The tool can parse arbitrary grammars, the one that is packed into is just one of them.

I think it would be useful, among other things because the standard library
lacks currently a proper CST solution. The ast module is heavily leveraged for
things like formatters,

Actually, I think the `ast` module doesn't work very well for formatters, because it loses comments. (Retaining comments and all details of whitespace is the specific use case for which I created pgen2.)

static code analyzers...etc but CST can be very useful as
Łukasz describes here:

https://bugs.python.org/issue33337

I think is missing an important gap in the stdlib and the closest thing we have
(the current parser module) is not useful for any of that. Also, the core to generating
the hypothetical new package (with some new API over it may be) is already undocumented
as an implementation detail of lib2to3 (and some people are already using it directly).

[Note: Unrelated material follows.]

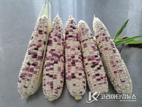 ‘얼룩찰1호’는 흰색과 보라색이 혼합된 얼룩무늬 알갱이를 가진 찰옥수수로 독특한 외관과 시각적 기호성으로 소비자들의 주목을 받고 있다.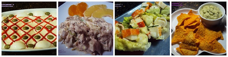 Todo un clásico que siempre gana por "goleada": la ensaladilla rusa, en este caso de las que se hacen facilitas y saben a las ricas tapas de los bares. Seguimos con una rica ensalada de pollo en salsa rosa, que con su contraste de sabores, no se puede quedar en el "banquillo". Otras dos opciones estupendas, vienen de la mano del aguacate: ensalada de aguacate y palitos de cangrejo con cogollos, que podemos servir en las hojas de los cogollos de lechuga, y que sea así muy fácil servirse; ... y por supuesto un imprescindible "fichaje" internacional como es el guacamole, y con el que vamos a disfrutar "dipeando", ( .. en este caso con doritos Tex Mex ).

I wonder if lib2to3 is actually something that would benefit from moving out of the stdlib. (Wasn't it on Amber's list?) As Łukasz points out in that issue, it is outdated. Maybe if it was out of the stdlib it would attract more contributors. Then again, I have recently started exploring the idea of a PEG parser for Python. Maybe a revamped version of the core of lib2to3 based on PEG instead of pgen would be interesting to some folks.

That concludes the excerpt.